Alongside this, it is good to know what days are best for airfare deals. In general, most people book flights for weekend departures; so being flexible to travel on a weekday (Tuesday, Wednesday, or Thursday) can significantly increase your chances of saving money (Reader’s Digest). Also, “if you’re advance booking, flying mid-week can save you hundreds of dollars per ticket” (Reader’s Digest). With that said, just because these deals are rare does not mean that they are impossible to find and get for yourself. Be sure to keep your eyes on the lookout for sweet deals and know where you potentially can save more money and where you may have to compromise in booking and buying.

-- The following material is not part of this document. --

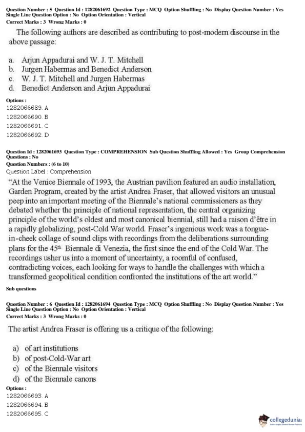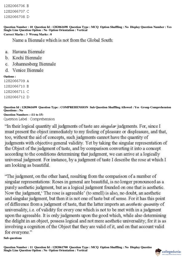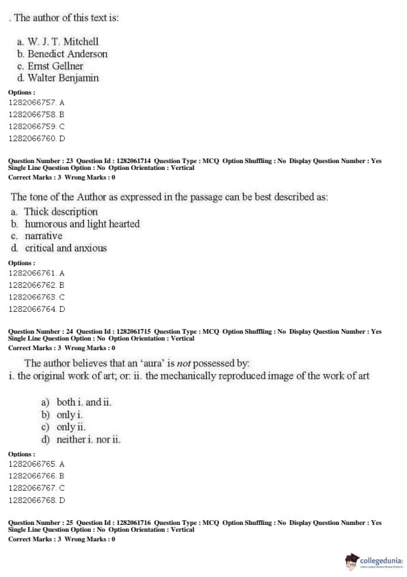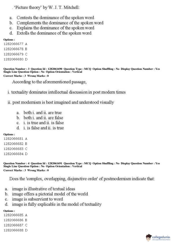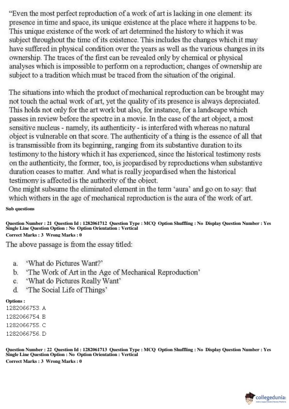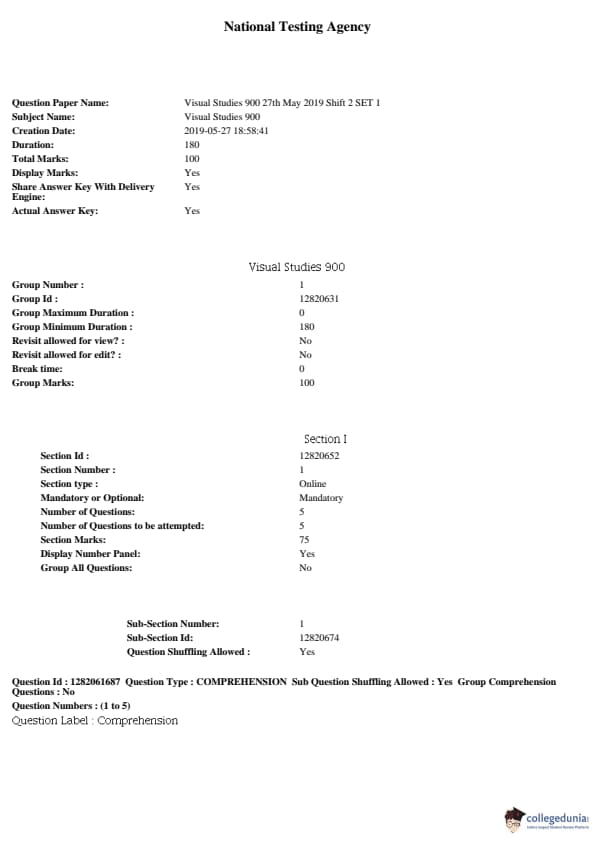 JNUEE 2019 P.hD Visual Studies Question paper with answer key pdf conducted on May 27, 2019 in Shift 2 is available for download. The exam was successfully organized by National Testing Agency (NTA). The question paper comprised a total of 38 questions.

3. Sources can make or break your travel

Like the large majority of information people look up online and do research on, your results depend on what sources you use. Knowing where to look, what sites are credible and what sites are wastes of your time can truly make or break your travel experience and the shot at scoring sweet savings. Reader’s Digest suggests looking on lastminute.com for savings “up to 70 percent on airfare, hotel rooms, activities and even entire packages.” Finally, sites like hopper.com, travelzoo.com, kayak.com, hoteltonight.com, lastminutetravel.com and airbnb.com help you find great deals for flights, car rentals and accommodations by entering in the dates of travel. Plus, these sites can even compare the prices to other sites so you truly get to find the best deal out there for you.

4. Be open-minded

In order for last-minute travel to be possible, you must have an open-mind. Have a long list, detail by detail, of what you want knowing that you are booking a few weeks out can significantly decrease your chance of following through with booking or create negative attitudes toward your travel time. Simpson says, “if you know exactly what you want – and will be bummed if you don’t get it – last-minute may not be right for you.” This is because last-minute travel is tailored for people who are flexible not only with dates but are also very flexible with their destination and all travel logistics, with the main thought being saving as much money as possible while also planning a great vacation. If you are set on having your vacation go a certain, specific way and you know particulars that you must have — that is great, but this is not the type of trip for you. On the other hand, if you just want to have a getaway somewhere and are open for how that will look and play out, then this is just the type of travel for you! With that said, Reader’s Digest strongly suggest to “use last-minute travel for fun trips, not crucial trips.”

Whether you have planned a last-minute trip or want to plan a getaway and you are open to all the possibilities that this would entail, think about planning a trip a few weeks before departure because you won’t only experience the adrenaline rush and spontaneity, but you can score super savings as well.